Edit: it’s not just “data privacy”, when you are using Claude, you are shipping EVERYTHING to Anthropic. It’s crazy.
nozzlegear
an hour ago
Just putting it out there: I run Qwen 3.6 on my M1 Mac Studio with 64gb. It's quantized and all that, but I agree with TFA: it's the sweet spot for local development right now.
dmayle
23 minutes ago
For that price you can put together a PC with 128GB of ram ($2000) and an RTX 5090 ($3600) and get 70-100 tokens per second instead of 45
trentor
2 minutes ago
Runs fine on 2x4080s or on two 5060/5070s with 16GBVRAM... and faster than on the mac.
dannyw
an hour ago
I’m running the same model on a 48GB MBP with a q4 quant and it’s pretty decent.

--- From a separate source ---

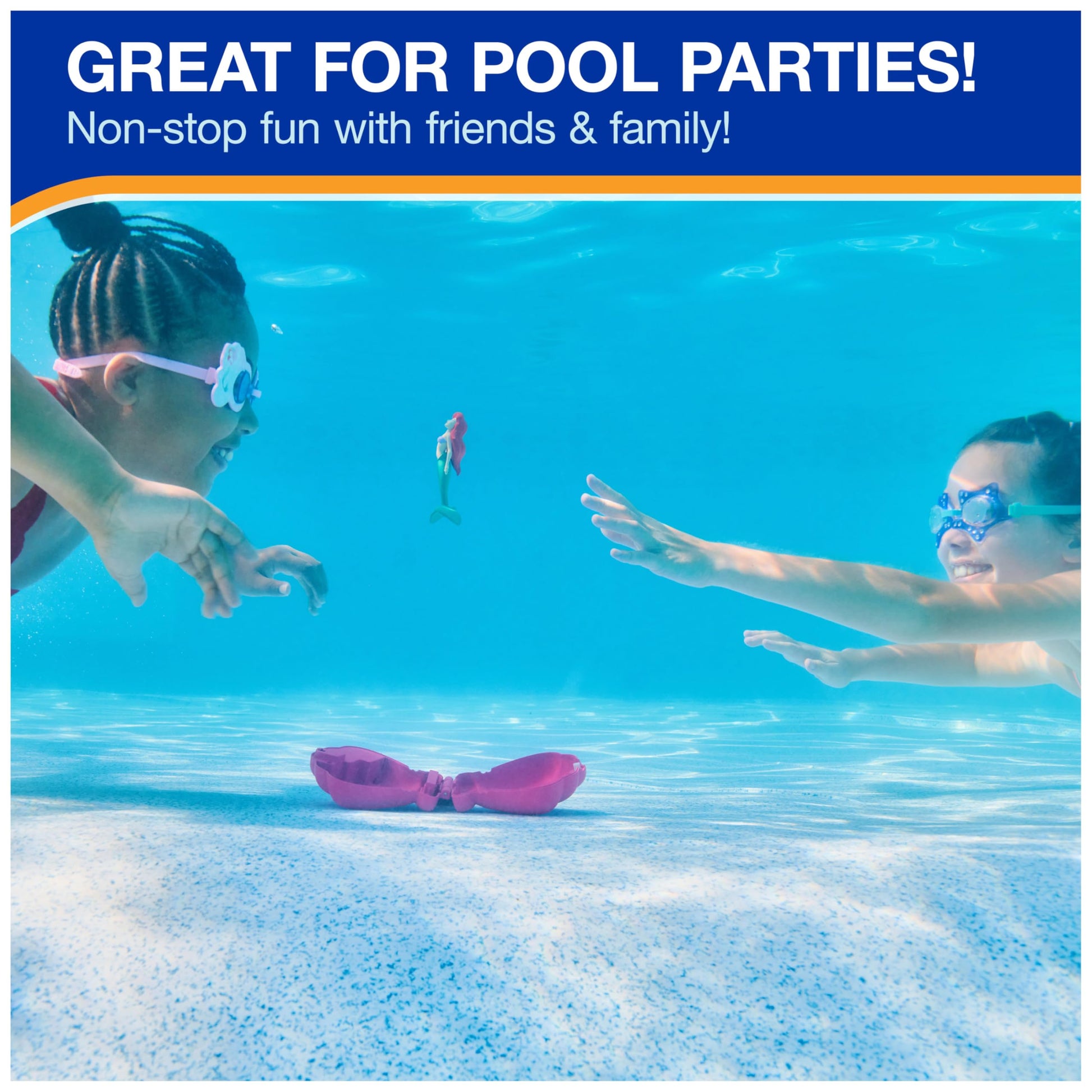 Watch as your favorite Disney Princess, Ariel, magically spirals and swims to the surface of the water with the Swimways Ariel Dive n Surprise! With water-activated technology, Ariel's clam shell slowly fills up with water as it sinks, opening up and releasing Ariel once it reaches the bottom! These kid pool toys are great for everyday play, summer pool parties, and for swim training - kids won't even know they are building their underwater swimming skills! The Dive n Surprise is also small and easy to carry around, making it perfect for pool party favors, pool party supplies and travel, while allowing you to play endless pool games for hours of outdoor fun on the go!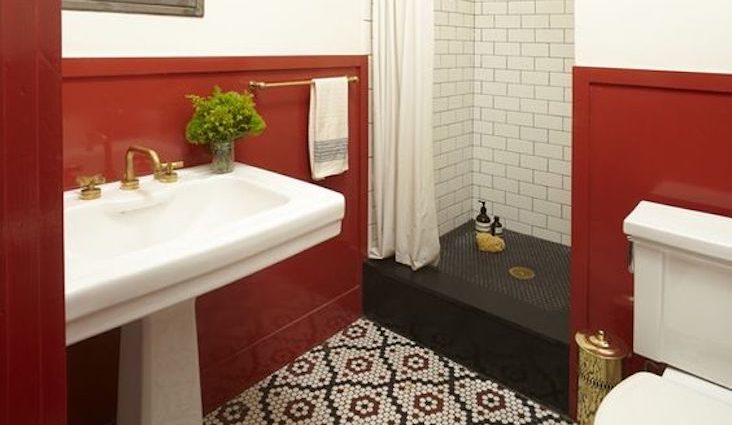 [Happy Small Living] Une petite salle de bain élégante en rouge, blanc, noir

You definitely don’t 128GB. That’s the scale for 70B models at q8 or something.
dom96
21 minutes ago
I've been running it on my 48GB MBP too and it's not particularly great. Super slow and not near enough to the quality provided by even Claude Sonnet.
doodlesdev
40 minutes ago
How much does one of those cost in the US? Here in Brazil, your notebook is worth as much as a used Honda Fit, which seems absolutely insane. For comparison, the ThinkPad I'm currently running cost me 1/20 of how much this MBP costs here, leaving me with over $8.000 to spend with LLM inference (if I actually spent money with that).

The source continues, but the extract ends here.